The EIDL program is an existing program available to businesses impacted by disaster. CARES authorizes $10 billion to expand EIDL to businesses impacted by COVID-19. Unlike PPP loans, EIDL loans are not eligible for forgiveness. Applicants apply for EIDLs with the SBA directly.

CoV-related EIDLs are low interest loans (3.75% for businesses and 2.75% for non-profits) of up to $2 million, with a maximum term of 30 years. Borrowers may defer principal and interest payments for one year. However, the actual loan amount is limited to the amount of economic injury as determined by the SBA.
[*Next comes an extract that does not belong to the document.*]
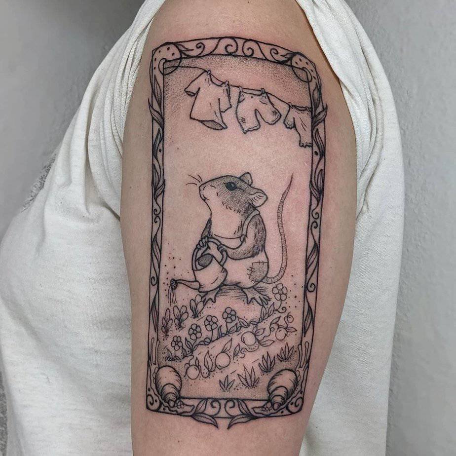 Okay, this one is honestly adorable: a little mouse on the upper arm, watering its flower garden while wearing the cutest tiny clothes. It feels like a page ripped from a children’s book, and the symbolism is sweet — mice standing in for joy and curiosity, nudging you to notice the small wonders around you. The black-and-gray shading and detailed dotwork give it depth so it reads like a tiny, lived-in world on your skin.

Eligible EIDL borrowers include small business with 500 or fewer employees (as well as some above that threshold), independent contractors, private nonprofits, and cooperatives and ESOPs with 500 or fewer employees. Applicants’ businesses must be located in a declared disaster area and have suffered “substantial economic injury” as a direct result of the COVID-19 pandemic.

CARES waives existing EIDL rules for personal guarantees for loans of $200,000 or less, but collateral requirements still apply. CARES also waives traditional requirements that the applicant have been in existence during the one year period before the disaster (so long as it was in operation on 1/31/20) and that the applicant is unable to obtain credit elsewhere.
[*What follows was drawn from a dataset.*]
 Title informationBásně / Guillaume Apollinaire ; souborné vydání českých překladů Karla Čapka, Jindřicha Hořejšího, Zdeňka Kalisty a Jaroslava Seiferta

EIDL’s may only be used to cover certain expenses, although CARES has expanded these permissible uses. These uses now include:

  • Working capital needed to sustain the business until resumption of normal operations
  • Maintaining payroll to retain employees
  • Providing paid sick leave to employees unable to work because of COVID-19
  • Meeting rent or mortgage obligations
  • Repayment of obligations that cannot be met due to revenue decreases
  • Increased costs to procure materials unavailable due to supply chain interruptions

EIDL proceeds may not be used to:

  • Refinance debt incurred prior to the disaster event
  • Make payments on loans owned by another federal agency or an SBIC
  • Repair physical damage
  • Pay certain tax penalties or non-tax fines or penalties for violations of laws or regulations.
  • Pay dividends or other disbursements to owners, partners, officers or stockholders, beyond reasonable compensation directly related to such individuals’ performance of services for the business

CARES also establishes an emergency advance (Emergency Grant) on the EIDL proceeds of up to $10,000, provided by the SBA within three days of application. The Emergency Grant need not be paid back, even if the borrower’s application is subsequently rejected. However, CARES requires that the Emergency Grant be reduced from any loan forgiveness amount under PPP (if the borrower receives a PPP loan).
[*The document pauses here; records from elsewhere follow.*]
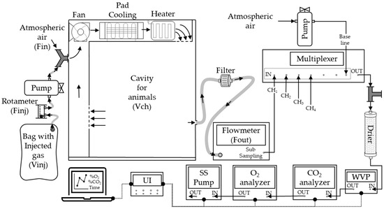 The open-circuit system integrated into the trough airflow of pull-mode calorimetric chambers is commonly employed in farm animal trials [2,3,6,9,12]. This system measures the concentration of gases (O2 and CO2) and their rate of change, considering the airflow from the atmosphere into the chamber. Subsequently, the volume of gas exchanged (VO2 and VCO2) over time can be calculated. However, before obtaining the final HP value, a series of computations are applied to preserve signals associated with the metabolic response, identify atypical signals resulting from extraneous factors, and suppress measurement noise [12,13,14].
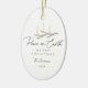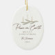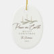 Rustik botanisk fred på Jorden Skript fotokeramisk prydnadsföremål. "Fred på jorden" i ett handskrivet stil-teckensnitt med elegant, med ett rustiskt, handritat, grönt gren med ljus. Anpassa prydnaden med hälsning, namn och år. © Kimbelled, LLC
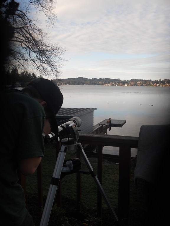 We received a Telescope as a gift this month – a friend bought it for his grand kids – and they didn’t have a use for it, and he thought of our boys. They had fun looking at Orion’s Belt this week. We had quite a few clear sky nights.  Here is the moon shining over the Red Alder Tree at about 3 a.m.  Not sure if this is what the Word meant when He said Joy comes in the Morning! But it was! See the little stars up there? Sa-weet. The boys got to see the pulsating star that is getting ready to split into twins.  Really Cool!
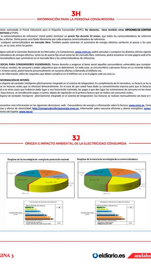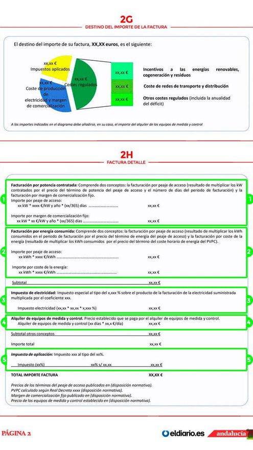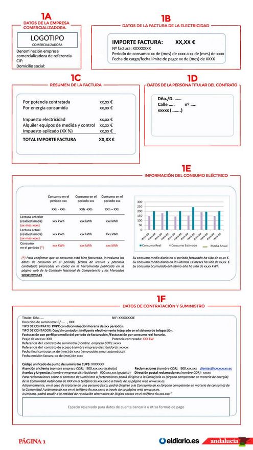 Tomando como referencia el modelo de factura de electricidad del Ministerio de Energía, Turismo y Agenda Digital, vemos que la factura la componen una serie de áreas distribuidas en varias páginas.

Net operating losses ("NOL")

CARES expands the availability of Net Operating Loss ("NOL") carrybacks eliminated by the 2017 Tax Cuts and Jobs Act. More specifically, the Tax Cut and Jobs Act eliminated NOL carrybacks starting with the 2018 tax year. CARES reinstates and expands the NOL carryback provision by allowing NOLs incurred in 2018, 2019 and 2020 to be carried back five years. CARES also temporarily removes the 80% of taxable income limitation on the use of NOLs incurred in those years, such that NOLs can once again fully offset income. Taxpayers will be able to amend tax returns for the applicable years to claim refunds arising from the use of these NOLs.

Modifications to FFCRA

CARES amends FFCRA, enacted just a few weeks back, in a few important respects. Perhaps most importantly, employees laid off on or after March 1, and subsequently rehired, are eligible to receive family leave benefits. The 30-days of employment test is met if the rehired employee worked for the employer for at least 30 of the last 60 calendar days prior to the layoff.

Please note: This page contains general information and should not be construed as legal advice. Seek legal counsel for analysis and advice tailored to your particular circumstances.